Le SERY amputé de 54 000 $

IMMIGRATION. Solidarité ethnique régionale de la Yamaska a été amputé de subventions de l’ordre de 54 000 $. L’organisme qui vient en aide aux nouveaux arrivants s’explique mal le geste posé par le ministère de l’Immigration du Québec.

À l’origine, le SERY devait ratifier un protocole d’entente pour le 1er juillet dernier, mais le document a plutôt été signé à la fin du mois de juillet.

«On a eu des nouvelles comme quoi nous étions amputés de plus de 50 000 $. Nos cibles avaient diminué de 20 %. C’est assez drastique comme coupure. C’est déjà difficile de survivre (…) et un tel montant sur un budget global, ça fait mal», raconte avec émotion la directrice générale de SERY, Joanne Ouellette.

D’autres organismes œuvrant dans le même domaine ailleurs au Québec auraient également subi un sort pareil. Dans certains cas, la coupe a été de 30 %. «Nous n’avons eu aucune raison pour laquelle nous avons été ciblé. Ils ont juste diminué le nombre de personnes immigrantes», ajoute-t-elle.

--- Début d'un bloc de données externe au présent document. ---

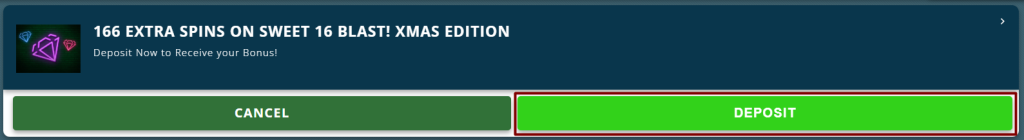 This guide explains how to claim CasinoMax’s 166 Free Spins on the new slot Sweet 16 Blast! XMAS Edition. This offer can be redeemed once per account and requires a qualifying deposit.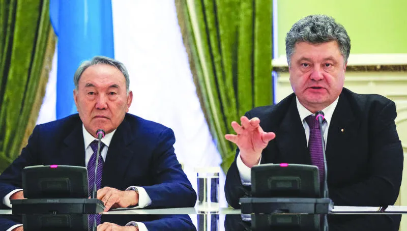 الرئيس الأوكراني بيترو بوروشينكو (يمين) مع ضيفه رئيس كازاخستان نور سلطان نزارباييف في المؤتمر الصحافي في العاصمة كييف أمس (إ.ب.أ)

La principale intéressée avoue avoir fait son enquête auprès du gouvernement de Justin Trudeau afin de savoir si c’était Ottawa qui avait touché à la subvention. «On m’a dit que ce n’était pas le fédéral qui avait coupé. Les libéraux auraient même haussé les montants accordés en immigration pour le Québec. Je ne sais pas où vont les sous, mais les organismes sont pénalisés», renchérit-elle.

Aux yeux de la DG de SERY, le gouvernement Couillard aurait décidé d’accueillir moins d’immigrants.  

Un long processus

Joanne Ouellette est consciente que le processus d’immigration peut parfois être long. «Il y a beaucoup de gens sur les listes d’attente qui passent par le bon chemin. Les gens sont pigés au sort. Tu envoies une demande pour faire venir quelqu’un et ça coûte cher. J’espère que ça ne coupera pas l’arrivée des gens qui passent par les voies normales», admet-elle.

Pour le moment, le gouvernement du Québec n’aurait pas approché le SERY ou la Ville de Granby pour accueillir des Haïtiens. «Je ne sais pas s’ils vont les garder à Montréal. C’est décevant. Québec nous a demandé de faire un effort supplémentaire pour accueillir les Syriens. On a dit oui et tout à coup, ils n’ont plus besoin de nous et on nous coupe de l’argent», explique la directrice générale de SERY.

Elle concède que son organisation a dû plier à la demande du gouvernement afin que les Syriens puissent venir à Granby. «Je suis déçue. On revient quatre ans en arrière dans nos façons de fonctionner. Je ne sais pas ce qui se passe au ministère de l’Immigration. On n’a pas de réponse et nous n’avons pas de commentaires de la ministre», estime Mme Ouellette.

Pour l’instant, aucune rencontre n’est prévue entre l’organisme SERY et le gouvernement du Québec. «Une personne du ministère devait venir nous expliquer la raison de la coupure. Elle n’est jamais venue. Ça devrait aller à l’automne. On est là et on attend», conclut-elle.